Support of generic aiida plugins #20

agoscinski · 2024-10-16T20:57:42Z

Idea

AiiDA plugins define their inputs and outputs in their CalcJobs and Ẁorkchains with specific names. For example the arithmetic add CalcJob) has the inputs x and y as well as the output sum. We therefore need to specify these ports (how AiiDA calls them) in the yaml file to create the workgraph. In the aiida-shell plugin we did not need to do this because
Each plugin defines a entry point which we can use to load the corresponding CalcJob or WorkChain using the factories

from aiida.plugins.factories import CalculationFactory
ArithmeticAddCalculation = CalculationFactory("core.arithmetic.add")
# Retrieve input ports
print(ArithmeticAddCalculation.spec().inputs)

So with these two additional information (the entry point and the port names )in the YAML file we can run almost arbitrary calculations from aiida plugins (including aiida-icon). The reason why we did not need the port names for aiida-shell is because ShellJob creates dynamically its output ports from the outputs that are provided as inputs, so we took this to our advantage and use the name specified in the yaml file as output port names. For the input ports we also simplify the actual ports that would be nodes and arguments (see code). The gist is that we treat aiida-shell differently, and we should continue to do so, because otherwise it becomes cumbersome to use.

YAML syntax

Here you find (an example to run arithmetic add)[https://github.com/C2SM/ETHIOPIA/blob/plugins/tests/files/configs/test_config_small.yml]. A snippet of it to show how it is used to define a workflow.

- adder1:
    inputs:
        - a:
            port_name: x
        - b:
            port_name: y
    outputs:
        - sum1: 
            port_name: sum
- adder2:
    inputs:
        - sum1:
            port_name: x
        - c:
            port_name: y
    outputs:
        - sum2:
            port_name: sum

Since the same data object can be used for different ports we need this information in the cycles.

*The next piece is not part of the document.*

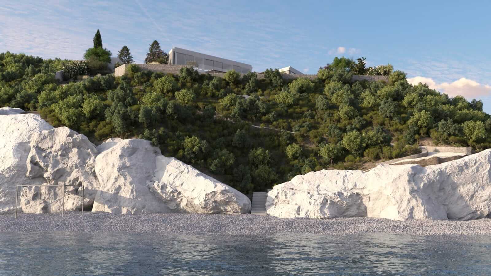 Among the few plots facing the sea undisturbed, and with access to 2 sandy beaches.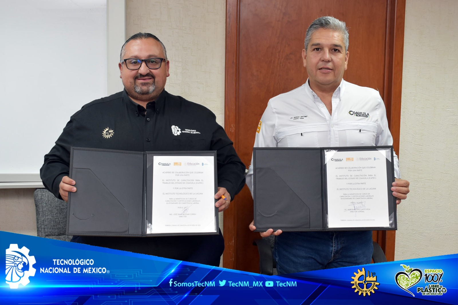 El Instituto Tecnológico de La Laguna, perteneciente al Tecnológico Nacional de México (ITL del TecNM) y el Instituto de Capacitación para el Trabajo del Estado de Coahuila de Zaragoza (ICATEC) llevaron a cabo la firma de un convenio de colaboración que fortalece la formación académica y profesional de los estudiantes, atendiendo las demandas del sector empresarial y las necesidades de capacitación de la sociedad.

Definition of computer and code

We follow more the aiida logic to define computer and code information by just specifying the label given on definition.

tasks:
  - adder1:
      plugin: core.arithmetic.add
      code: bash 
      computer: localhost

This has the strong advantage that we do not have to write our own logic to parse all the computer information and can use the well maintained CLI verdi from aiida to allow the user to create it before. It is in this PR because it was required for testing, but should be separated out in a different PR

Current state of the code

Currently the code in the workgraph.py using different functions to create plugins that are not ShellJobs, and I am not sure if this is smart or not. It is a tradeoff between code duplications and flexibility, and requires a bit more thoughts and decisions how we go with this.

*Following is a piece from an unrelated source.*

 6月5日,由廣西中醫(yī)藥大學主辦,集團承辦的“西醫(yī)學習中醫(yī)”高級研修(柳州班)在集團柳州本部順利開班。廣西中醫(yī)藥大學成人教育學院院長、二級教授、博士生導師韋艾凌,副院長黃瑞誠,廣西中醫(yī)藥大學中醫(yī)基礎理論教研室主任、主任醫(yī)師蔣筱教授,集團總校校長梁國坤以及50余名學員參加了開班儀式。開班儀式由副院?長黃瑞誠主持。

agoscinski · 2024-10-17T15:32:47Z

Icon change of namelist

For icon we need to adapt the behavior, because we rather want to change the namelist and keeping it over the calculation constant, so we can move it to the task definition. We can maybe make a calcjob out of the calcfunction https://github.com/aiida-icon/aiida-icon/blob/a982d8792006bf234fe79c18aa76fd2af7a3463f/src/aiida_icon/iconutils/masternml.py#L43-L51 that adapts the name list so we can provide a simpler use for the user, for arbitrary changes. We will use then this calcjob also to adapt it for the inputs we can infer from the workflow (date, output of last icon last run will not be passed in the aiida way but just calls this calcjob to update the namelist with the new file).

Naming of port_name

The port_name, maybe rename to input_key or input_slot.

Specify computer and code

We discussed how we deal with computer and code. For computer definition we stick with verdi, but for codes it might be useful to just just pass the filepath since we want not that the user creates a new code all the time when icon is recompiled. How to create a label in this case is still an open question. We could hashing the binary but for icon this can be 200MB which needs to be send over the transport plugin. One proposition was to hash the filepath as label, it was an open question if we generate a new uuid that preserve provenance also in cases the code is recompiled.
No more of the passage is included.